Insolvency legislation and other laws affecting creditor's rights are a bit like safety features on a car – whilst everyone acknowledges the need for them, the hope is not to see them put into practice.

The British Virgin Islands enacted a new set of insolvency laws in 2003, and tightened and updated its laws relating to certain aspects of secured creditor's rights in 2004. Thereafter, the world's economies roared through several years of astonishingly strong economic growth (it would be nice to think otherwise, but the two are probably unrelated). Legal architecture designed to facilitate secured lending seemed almost redundant as the world was awash with liquidity and credit.

But then, like all good things, it all came to a fairly dramatic end. While the economists debate whether or not this is, or will be, a depression, down at ground level the banks and their lawyers are finding out just how well the credit friendly regime that the British Virgin Islands sought to implement is working in the face of rising volumes of distressed debt.

As might have been predicted, some things worked well and some things less so. As might also have been predicted, there were some things that nobody was able to predict. For example, back in 2003, despite the example of BCCI in the relatively recent past, nobody gave serious thought to the possibility that we might have solvent borrowers but insolvent banks.

Netting: One of the things that has largely worked as advertised so far has been the jurisdiction's ISDA Model Netting law.

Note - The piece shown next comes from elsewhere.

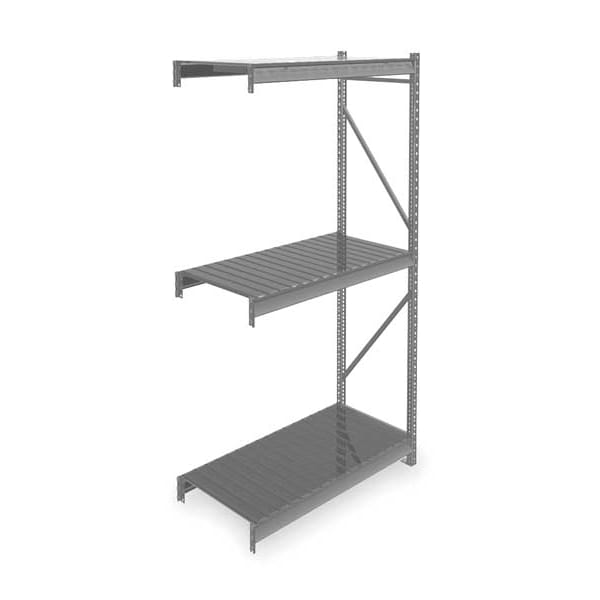 Bulk Storage Rack, Shelving Type Add-On, Overall Width 48 in, Overall Depth 24 in, Overall Height 96 in, Decking Material Steel, No. of Shelves 3, Shelf Capacity 4150 lb, Load Capacity 12,450 lb, Shelving Frame Material Steel, Gray, Finish - Shelving and Racks Powder Coated, Shelf Adjustments 2 in, Shelving Gauge 22, For Use With Tennesco Bulk Storage and Boltless Racks, Includes (3) Shelves, End Frame
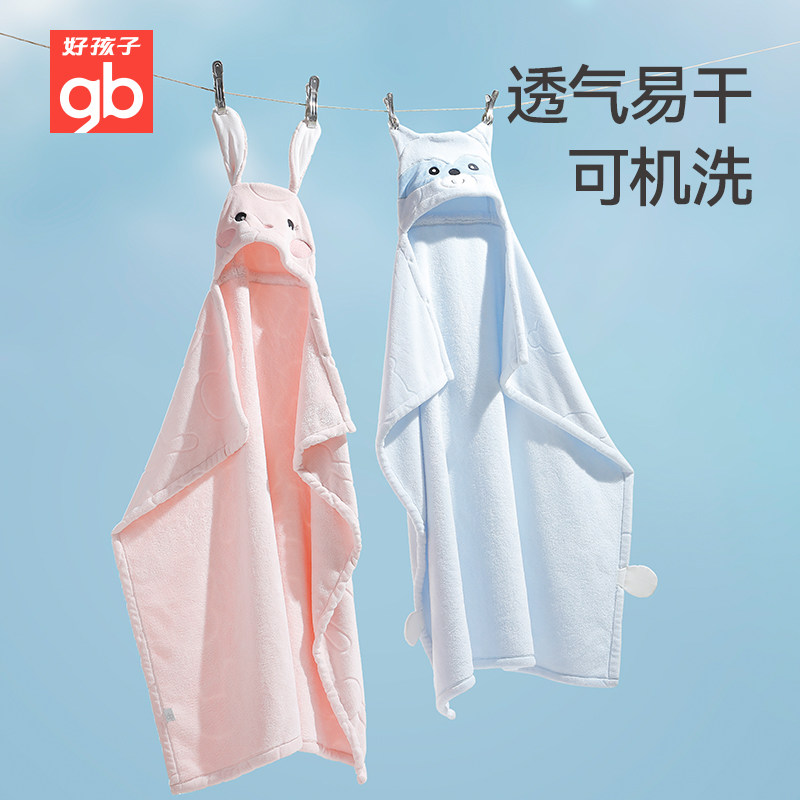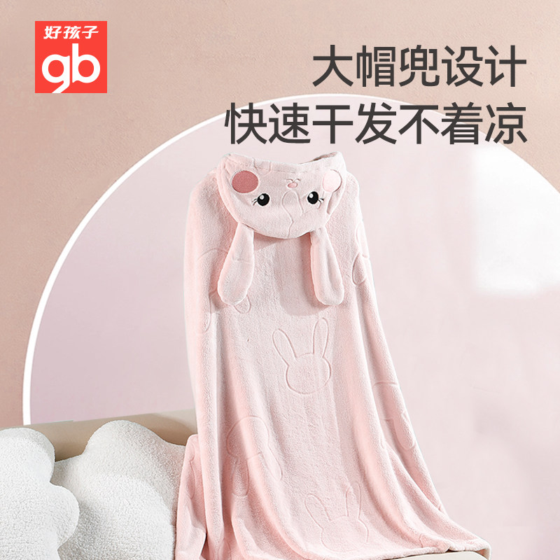 gb好孩子儿童浴巾卡通连帽披风斗篷浴袍可爱可穿毛巾柔软浴披风

Designed to ensure that parties' rights to net out in relation to derivatives transactions were given primacy, these have proved so far to be effective in minimising the risk of exposure in the event of counterparty insolvency.

Foreclosure: One of the perplexing features of the depth of the recession is that asset prices have fallen so far that secured creditors are reluctant to enforce because enforcement would crystallise losses on their balance sheets. Some clients have turned to the new, old-fashioned way – foreclosure. Although thought of as a historical relic, some secured lenders have proposed taking title over the underlying security assets in return for releasing the debt through a foreclosure action; they can then sit on the asset until prices improve without having to either book the loss or keep a defaulting loan on their books.

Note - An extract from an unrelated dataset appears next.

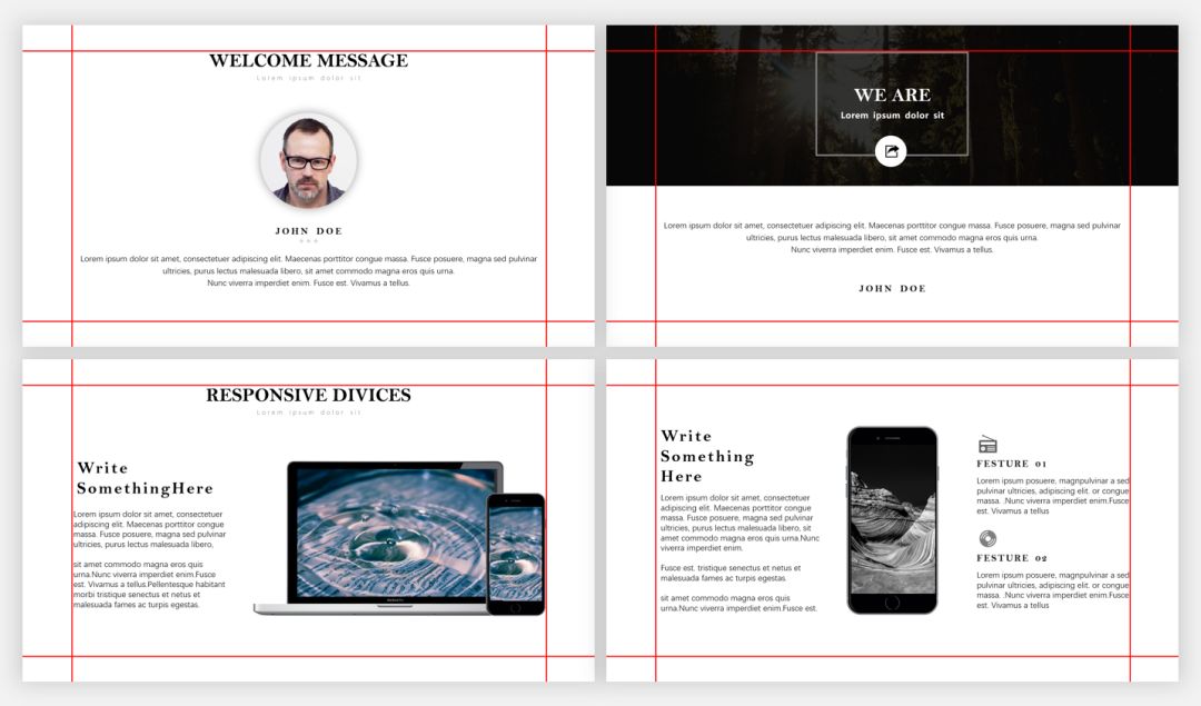 首先,在PPT中拉出四条参考线,就能规定好页边距了。

Transaction avoidance: An area that has not had much judicial exposure yet relates to "voidable transactions" occurring in the twilight period prior to insolvency. This may be because, like a good football referee, not hearing much about it may show that the legislation is working well – companies are not seeking to re-engineer their assets inappropriately. Or it may reflect the fact that liquidators lack the resources to pursue applications.

Insolvent trading: Like voidable transactions, there has been a dearth of applications against directors for wrongful trading prior to insolvency. The reason for this may be more closely related to liquidators' resources. It may also reflect a new generation of directors documenting far more carefully decisions whether or not a company can continue trading.

Receivership: Receivership remains the most popular remedy of secured creditors in the British Virgin Islands. Modernisation of this area of the law has clearly done no harm; administrative receiverships remain rare, but it is difficult to tell whether the new restrictions that were brought in have affected this.

Legal practice will always evolve to meet new challenges. Thus far, the British Virgin Islands legislators can be reasonably pleased that the majority of their legislative changes have functioned effectively and efficiently in a distressed economic environment, even if not always in the manner that they expected.